**Raw data:**
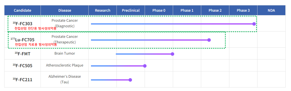 현재 퓨쳐켐의 FC303(전립선암 진단용 방사성의약품)의 경우 3상 진행 중에 있고, FC705(전립선암 치료용 방사성의약품)는 2상 진행 중이다.
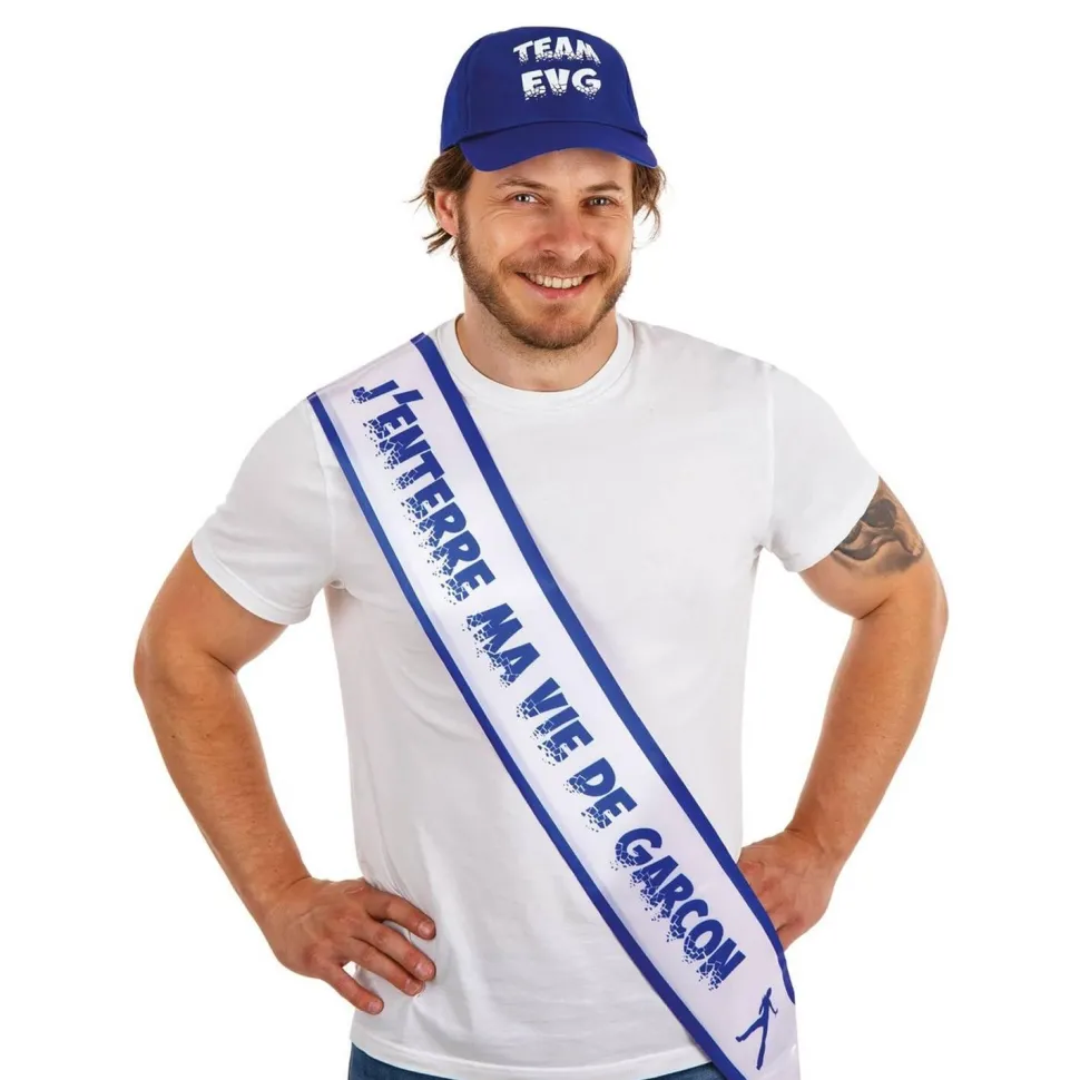 Cette écharpe pour homme se compose d’un tissu blanc avec liserer bleu et l’inscription « J’enterre ma vie de garçon » en bleu
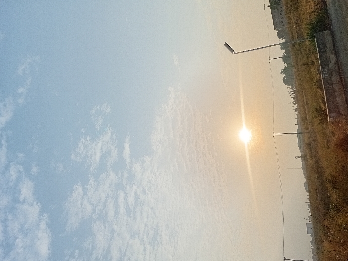A serene landscape features a vast, light blue sky dotted with thin, white clouds. A line of streetlights parallels a rough, overgrown roadside. The sun, a brilliant focal point, radiates a warm glow across the scene, partially obscuring distant buildings. The light creates a hazy atmosphere, softening the details of the landscape.
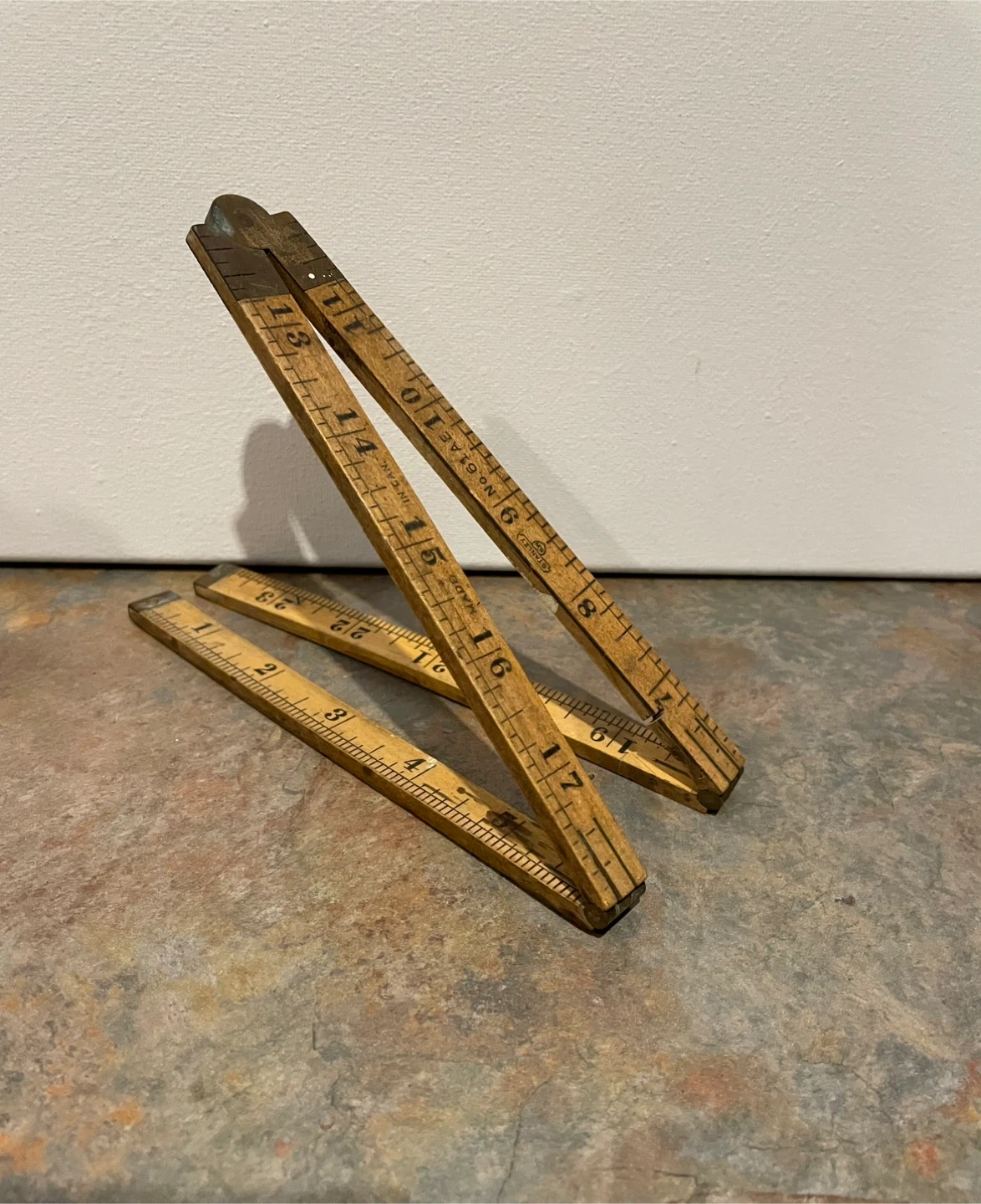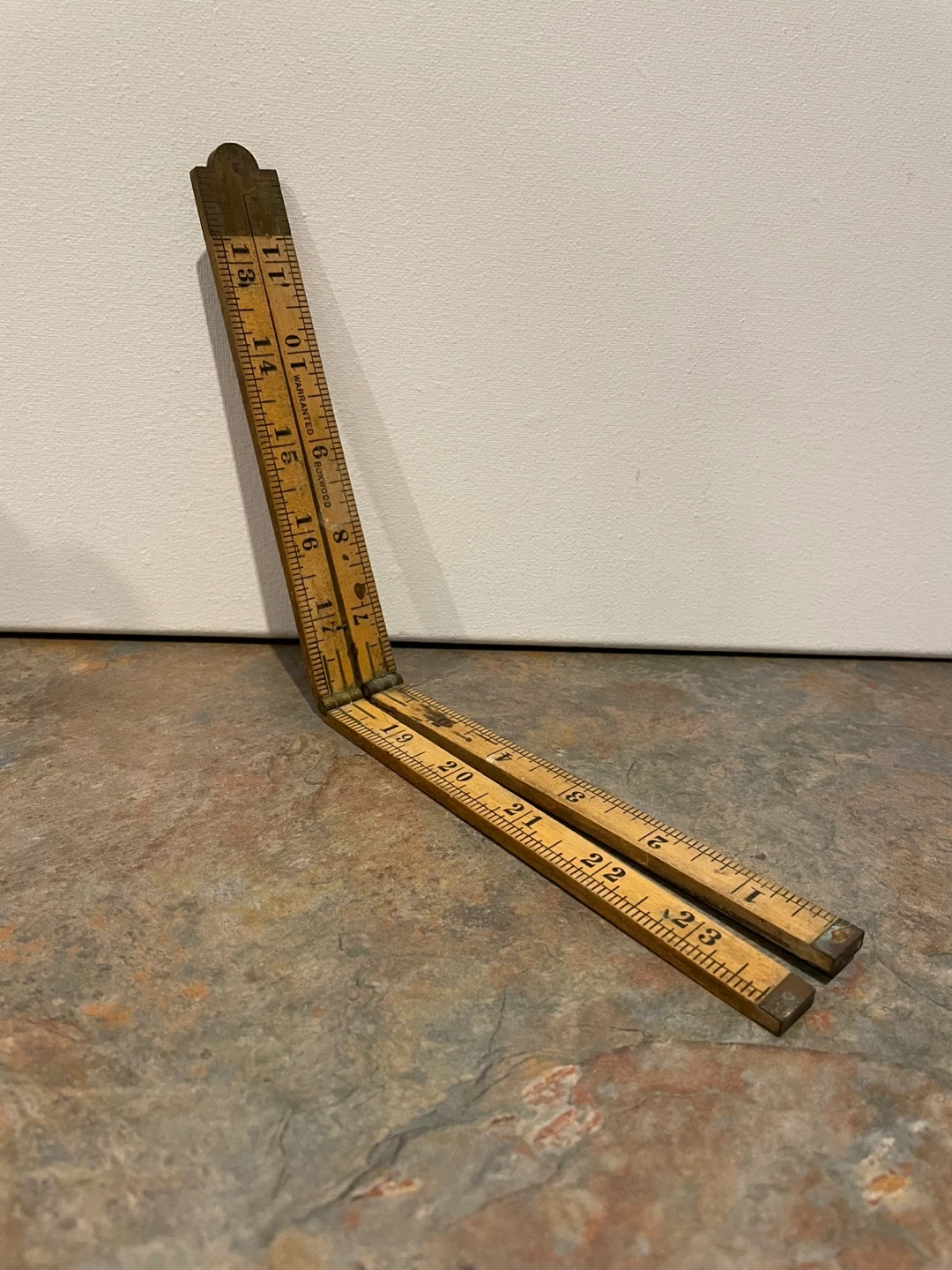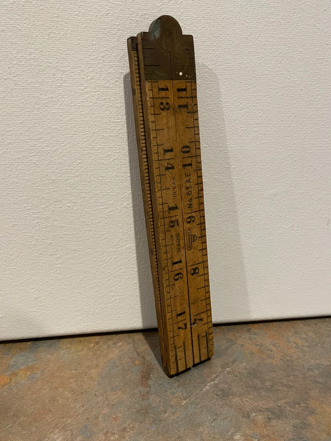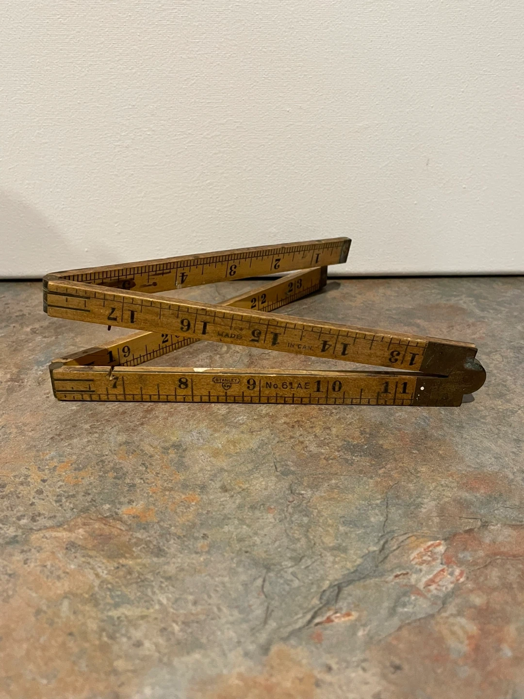 31The ruler is a wooden folding rule, likely made of boxwood, with brass hinges. It features markings for measurement and the model number "No. 61 AE" is visible on one of the segments. Great for crafting, sewing, woodworking or an excellent addition for a collection. Pick up in East Kildonan, cash please, no delivery

**Exercise prompt:**
Give the listing above again in its entirety and exactly; do not include the pictures.

**Response to the exercise:**
 현재 퓨쳐켐의 FC303(전립선암 진단용 방사성의약품)의 경우 3상 진행 중에 있고, FC705(전립선암 치료용 방사성의약품)는 2상 진행 중이다.
 Cette écharpe pour homme se compose d’un tissu blanc avec liserer bleu et l’inscription « J’enterre ma vie de garçon » en bleu
A serene landscape features a vast, light blue sky dotted with thin, white clouds. A line of streetlights parallels a rough, overgrown roadside. The sun, a brilliant focal point, radiates a warm glow across the scene, partially obscuring distant buildings. The light creates a hazy atmosphere, softening the details of the landscape.
 31The ruler is a wooden folding rule, likely made of boxwood, with brass hinges. It features markings for measurement and the model number "No. 61 AE" is visible on one of the segments. Great for crafting, sewing, woodworking or an excellent addition for a collection. Pick up in East Kildonan, cash please, no delivery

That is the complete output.